There is a wonderful dynamic that happens for newly fellowshipped ministers in the UUA. On Thursday night, you have the wonderful, joyous event of the Service of the Living Tradition, where you receive preliminary fellowship and are formally accepted as ministers by the association. Wonderful, joyous moment. The following afternoon, you meet with the representatives of the Association and the Ministerial Fellowship Committee, and they tell you about the long and somewhat involved process of making it from Preliminary Fellowship to Final Fellowship… It is a wonderful moment of humility inspiring scheduling, and I want to commend whoever came up with that timing so many moons ago. Priceless!

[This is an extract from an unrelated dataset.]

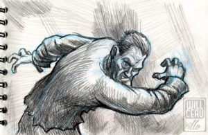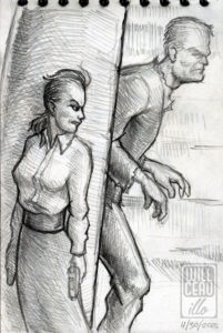 As I doodle and flesh out these scenes ideas bubble up from the pages and I ask myself questions about these creatures. How quickly do werewolves regenerate from mortal wounds? Are vampires always corporeal or just during the day? Are they like wraiths at night? The Frankenstein monster has been shot and survived in some of the movies. How bulletproof is he? Is he immortal or has he always benefitted from a new mad doctor who could never leave well enough alone?

When I got back from taking a colleague to the airport in the early afternoon, my car quit working. Entire electrical system, no juice. After checking every fuse in the car (and missing the CLF Worship Service, unfortunately) I finally thought to check the battery… and wouldn’t you know it. I was rescued by a fellow UU and military veteran named Vince who took me to an auto parts place for a new battery… and that worked. Now we will see if it was just the battery, or something else (please don’t be the alternator!)

I made it a little late to the Baby Shower for a ministerial colleague, and it was a wonderful time of fellowship, of meeting, and of re-meeting. Many of those attending I had met before, but at a time when I would not remember much at all (because it was my MFC interview). They were very gracious as I re-met them. Oh, and my friend is having a Baby!

The baby shower made me miss the Meadville Lombard Alumni Dinner, and that is okay, others went and told me about it… including the new video that has a picture of me in it. Yes, before anyone else asks, they had my permission. It’s all okay. I would have been at the Dinner, but they happen every year, and my friend’s first baby shower happens only once. I did try to get to the Alumni dinner Lalitha, I really did… I swear. Cross my heart. Pinky promise. Please don’t hurt me…

I ended my evening sitting in the lobby of one of the hotels, reminiscing with a group of members of my internship congregation, and then taking the long route to the car (now working) by stopping to talk to colleagues and friends. One of my colleagues, known as the Earthbound Spirit in the UU Blogging World, said something to me that is still making me cry. You touched my heart ES, and I will remember what you said, when I have to make decisions about the levels of risk I am willing to run as a military chaplain. I swear. Cross my heart. Pinky promise. Please don’t hurt me if it happens anyway…

So, I don’t have a lot to report on the overall GA of Day three… because it was a really personalized day for me. I will say that it was a day of relationship, of building new ones, of celebrating others, and of having colleagues and friends move into our well seated relationships to say things to me that needed saying. That kind of relationship is more what Unitarian Universalism is, to my mind, than anything else we may do at General Assembly.